- _AIM OF THE TASK_:
Retype the lines below exactly, from the one that contains "[SIMG15:519; text: Exemplum" through the last, and leave every picture out.

- _AVAILABLE DATA_:

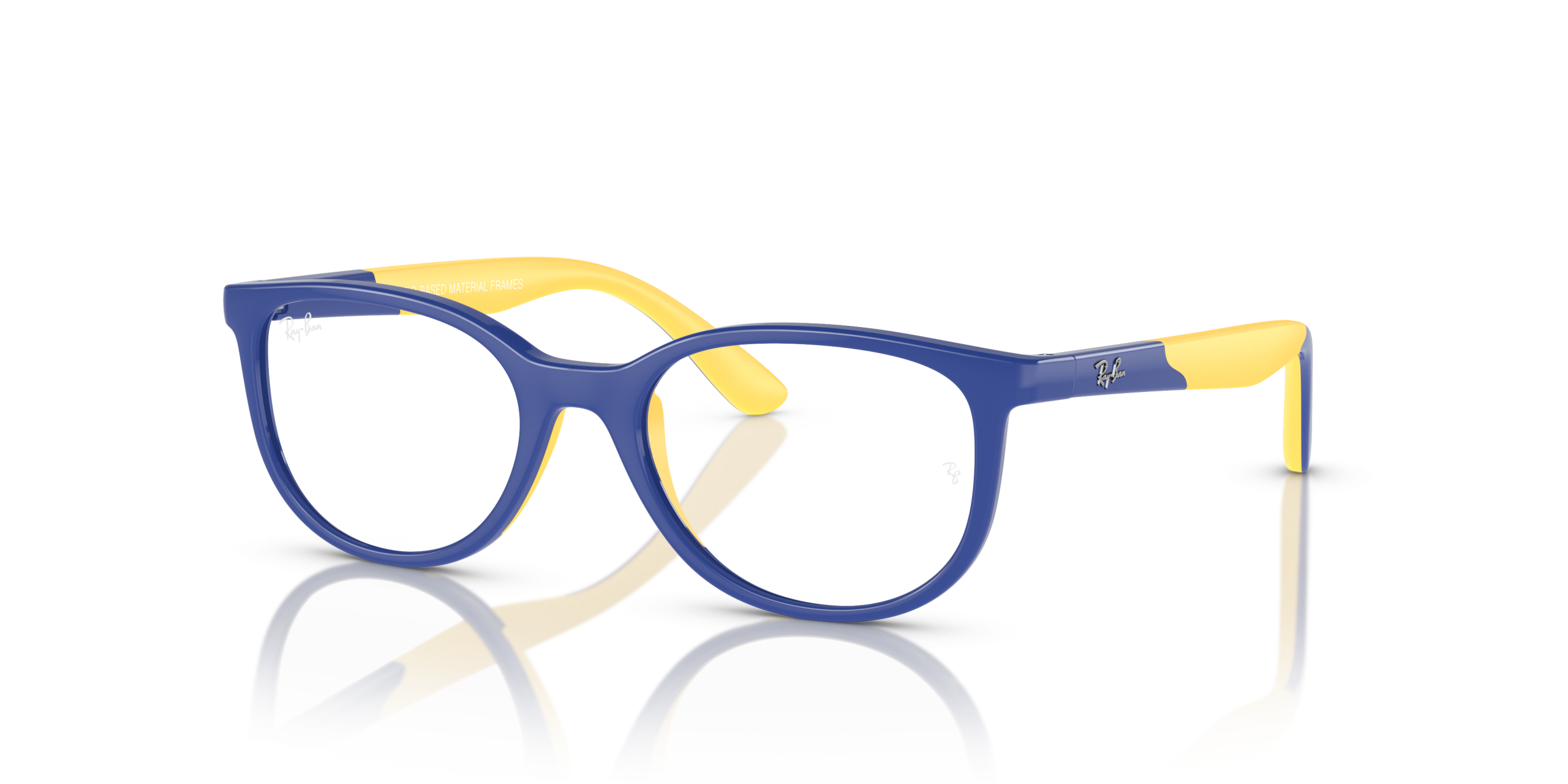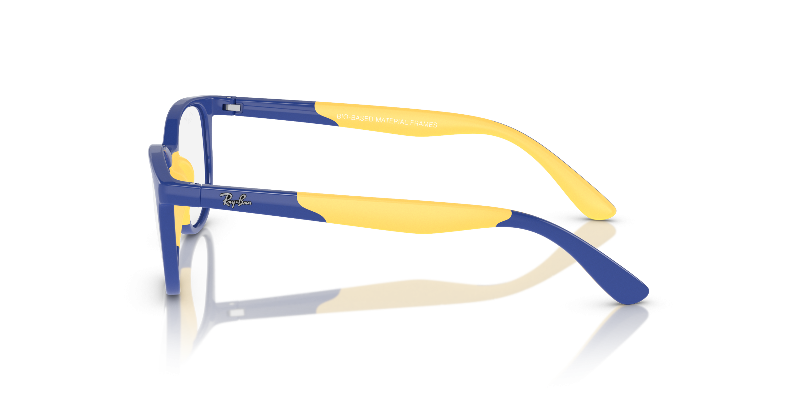 Ray-Ban RB1622 Optics Kids Bio-Based eyeglasses are a great choice for kids who want to look and feel good. These bio-based frames are made with bio-nylon having 59% bio-based carbon content from plant-based sources. The frames come with blue on yellow color combination.
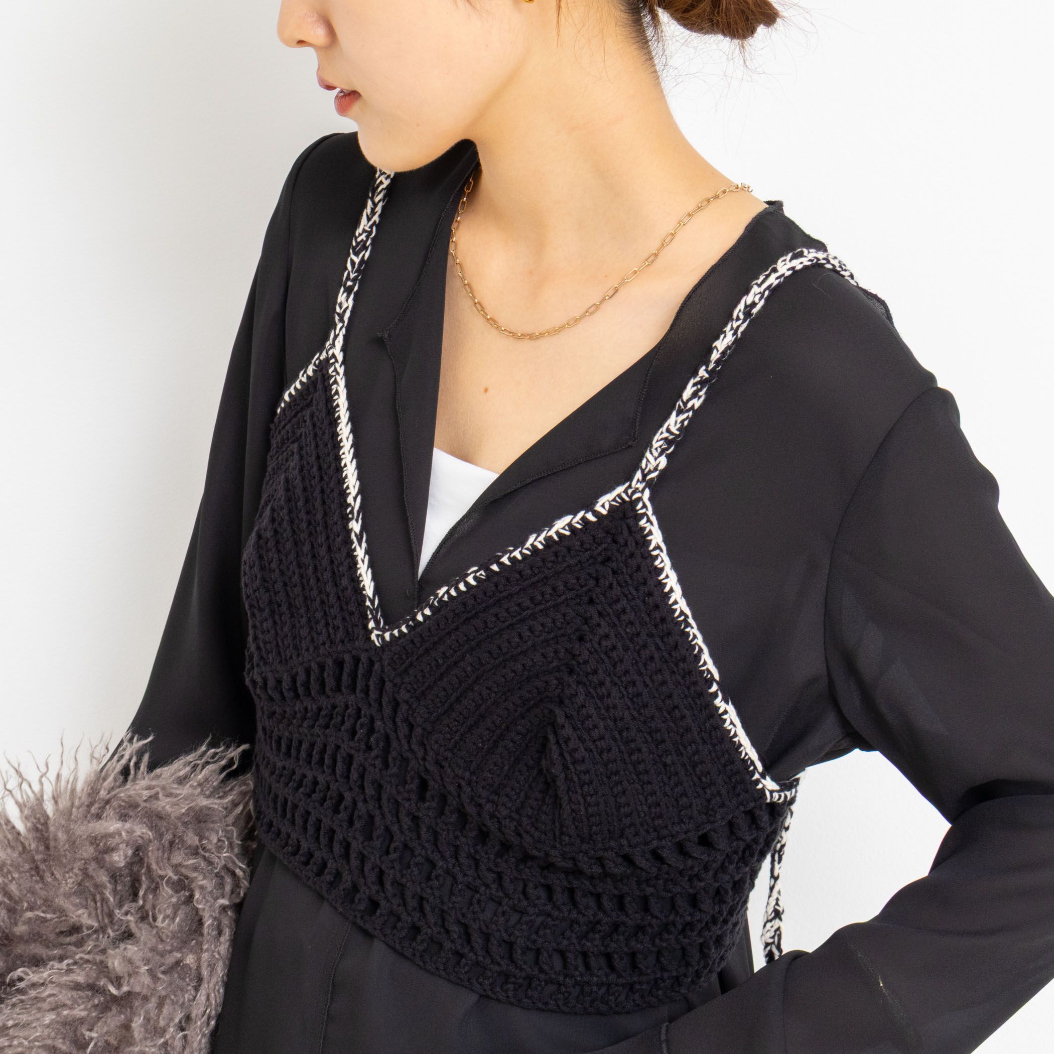 ◇25AW◇Laraaji◆Point・鈎針編みで手編み100%の三角ストール・鈎針で編みやすい綿バルキーアクリル糸を使用・クラフト感が現代にマッチする80年代風やヴィンテージ風なアイテム・ビスチェはアクセサリー感覚で取り入れられて便利◎・シャツやカットソーととのレイヤーコーデがおすすめ・紐の長さは調節可能●お取扱い上のご注意●末永くご愛用頂くために、アテンションタグを必ずご確認の上、着用又はお取り扱い下さい。気になる商品は、お気に入り登録がオススメです!クーポン情報、入荷情報が、通知されるようになります。※手洗い可※店頭及び屋外での撮影画像は、光の当たり具合で色味が違って見える場合があります。商品の色味は、スタジオ撮影の画像をご参照下さい。※商品画像に関しては出来る限り忠実に表示出来るよう努めておりますが、お客様がご利用のモニターの設定及び特性により、実際の商品と比較し色味に若干の誤差が生じる場合があります。※画像の商品はサンプルとなりますので実際の商品と仕様、加工、サイズが若干異なる場合がございます。
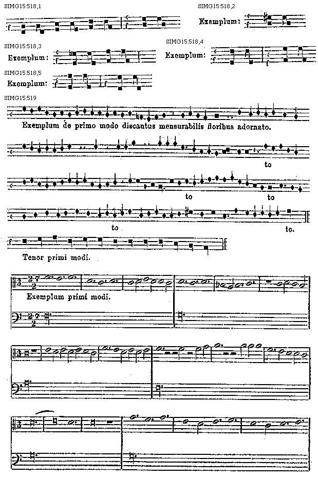 [SIMG15:519; text: Exemplum de primo modo discantus mensurabilis floribus adornato. Tenor primi modi. Exemplum primi modi.] [PETCOM 05GF]
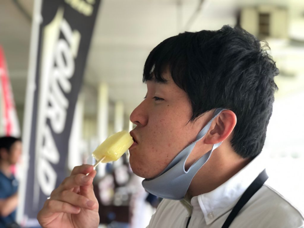※試打会中に差し入れいただいたアイスを頬張るE君。

- _RESULT OF THE TASK_:
 [SIMG15:519; text: Exemplum de primo modo discantus mensurabilis floribus adornato. Tenor primi modi. Exemplum primi modi.] [PETCOM 05GF]
※試打会中に差し入れいただいたアイスを頬張るE君。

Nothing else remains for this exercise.